Against the backdrop of Miami Beach, in a conference center draped in exuberant graphics with pop music coming through the speakers and tropical displays everywhere, leaders in the digital healthcare space celebrated the advances made in data access and interoperability – while still acknowledging that there is much work to be done.
An estimated 5,000 attendees showed up March 6-9 for the inaugural ViVE, a new offering from the College of Healthcare Information Management Executives (CHIME) and HLTH. The crowd was made up of C-suite executives, senior digital health leaders and buyers, health startups and investors, government, and solution providers.
On the exhibition floor, Health Gorilla attracted a lot of attention thanks to two big announcements – a $50 million Series C funding round and a new partnership with Lexis Nexis to bring social determinants of health (SDOH) data to our interoperability platform. Company founders and other senior leadership also had meaningful conversations with booth visitors about our quest to become a Qualified Health Information Network (QHIN) under the Trusted Exchange Framework and Common Agreement (TEFCA).
Elsewhere in the Miami Beach Conference Center, ViVE’s robust program included educational sessions and panels on a variety of topics, including health equity, artificial intelligence, automation, virtual care, health policy, and data sharing obstacles. Health Gorilla CEO and co-founder Steve Yaskin was invited to participate in “Interoperability Stakeholders Accessing On-Ramps to the U.S. Health Data Superhighway” along with Lisa Bari, MBA, MPH and CEO of Civitas Networks for Health; Mariann Yeager, CEO of The Sequoia Project; and Alan Swenson, Executive Director of Carequality.
Yaskin talked about Health Gorilla’s uncommon approach to positioning itself between the government and the private sector. “What we did uniquely was ‘productize’ an Act of Congress,” he said. “We actually read the whole 21 Century Cures Act and decided to build a product around it.”
“When we started Health Gorilla a little over 5 years ago, everything we’re talking about here was a pipe dream, and now here we are on the stage talking about it,” Yaskin added. “It’s a dream that’s now becoming a reality.”
Swenson pointed out that it won’t matter to the end-user, the healthcare provider, or the patient which on-ramp gets taken. “Hopefully that’s all behind the scenes and you don’t have to know or care what Carequality is or what a QHIN is,” he said. “You just need information on your patient in a usable manner and you’ve got it, and that’s ultimately the goal.”
Yeager said there are a lot of problems TEFCA will solve, such as universal data access, and others that will still need to be worked out such as patient identifiers and data quality.
“TEFCA will be our North Star, a foundation, but there will be work to do above and beyond that for a good while,” she said. “We’re going to adapt and evolve and it will take some time.”
At this point in the journey to interoperability, Yaskin said the focus will move towards high-quality data that’s fit for a purpose. “Battle lines will be drawn around what do you do with the data?” he said. “How actionable is that data? What is the quality of that data?”
Swenson agreed. “There’s data flowing like crazy – that’s not the problem – it’s making it usable,” he said. “As you’re considering, what does this mean to me, who do I want to use as my QHIN, or who is my participant if I’ve got multiple choices. Well what else is being offered besides just ‘here’s an access point to data’? How easy do they make it for you to actually use that data?”

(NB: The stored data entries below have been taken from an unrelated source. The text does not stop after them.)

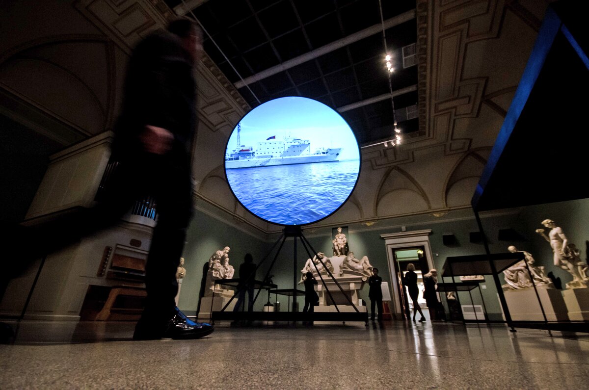 1 октября в ГМИИ имени А. С. Пушкина открылась выставка специального гостя VI Московской биеннале современного искусства – Александра Пономарева. Лейтмотивом экспозиции "Ветрувианский человек" стал одноименный перформанс художника в Арктике.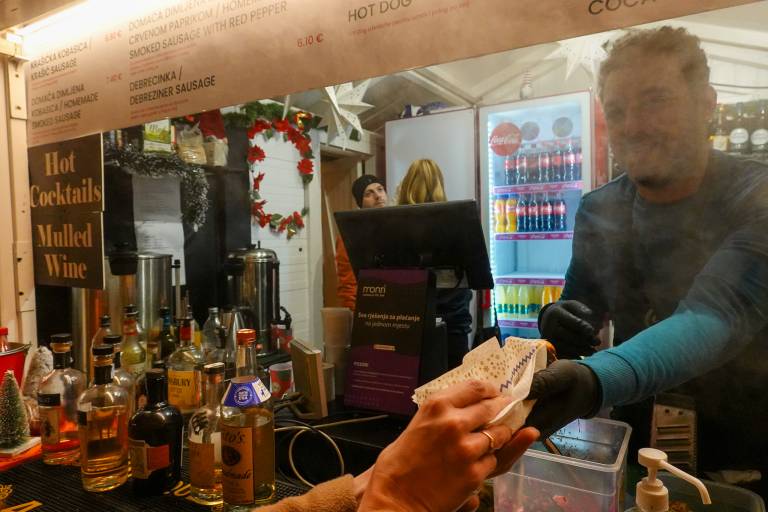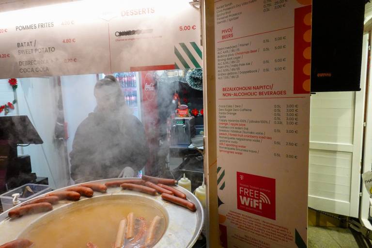 Klobasice, ki veljajo za nepogrešljiv del adventnega doživetja, stanejo sedem evrov za kos, medtem ko so hrenovke nekoliko cenejše – štiri evre.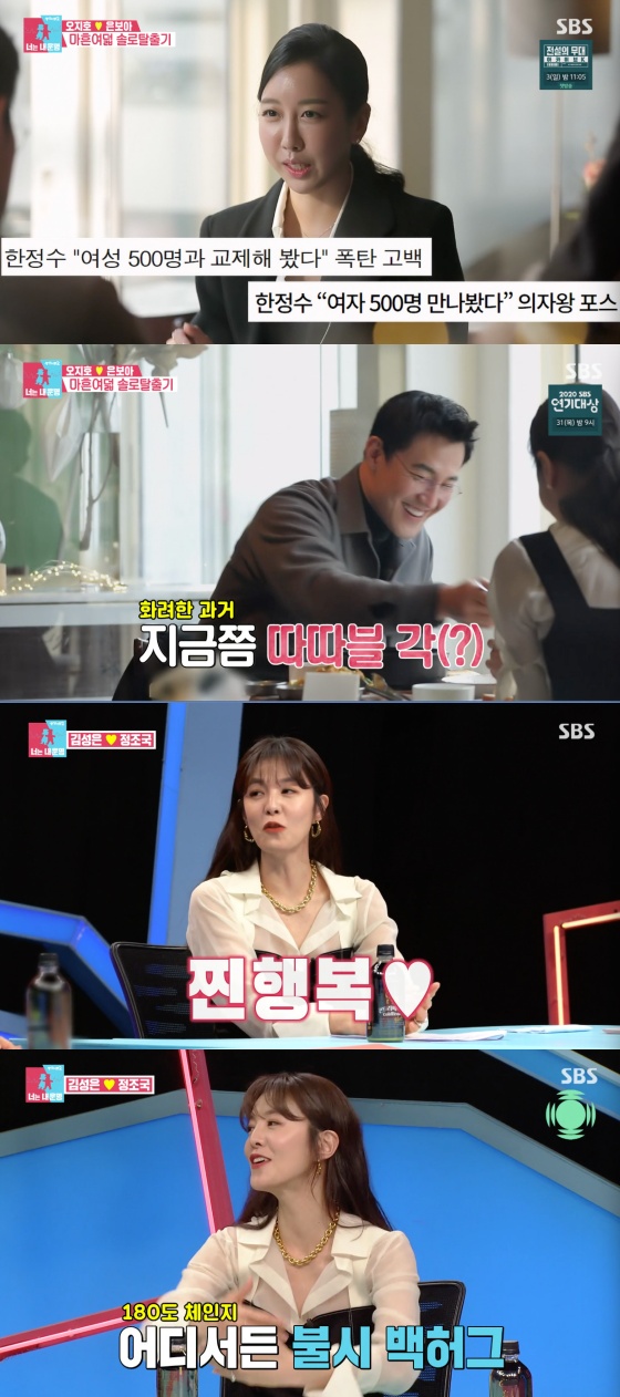한정수는 소개팅녀의 돌직구 질문에 당황했다. 한정수는 오지호-은보아 부부의 주선으로 소개팅을 하게 됐다. 소개팅녀는 한정수에게 "기사를 찾아봤는데 여자를 500명 만났다고 봤다"고 물었다.

“What an idea, right? Instead of talking about interoperability as the formats we move data around in, we’re actually talking about the services,” said moderator Brad Ryan, MD, Chief Product Officer for the National Committee for Quality Assurance (NCQA). “Hallelujah.”
Bari says she expects that QHINs will compete on services in the future.
“The member organizations of Civitas who are involved in clinical data exchange as well as public health and a whole host of other data exchanges, they’re working on really broad use cases,” Bari said. “So TEFCA is a couple of those use cases right now, with ambitions to be more, and I think it just simply brings more players to the table.”
Noting that each member of the panel represents a different part of the healthcare ecosystem, Ryan added: “I want to thank you for doing the hard and sometimes thankless work” of bringing interoperability to this phase.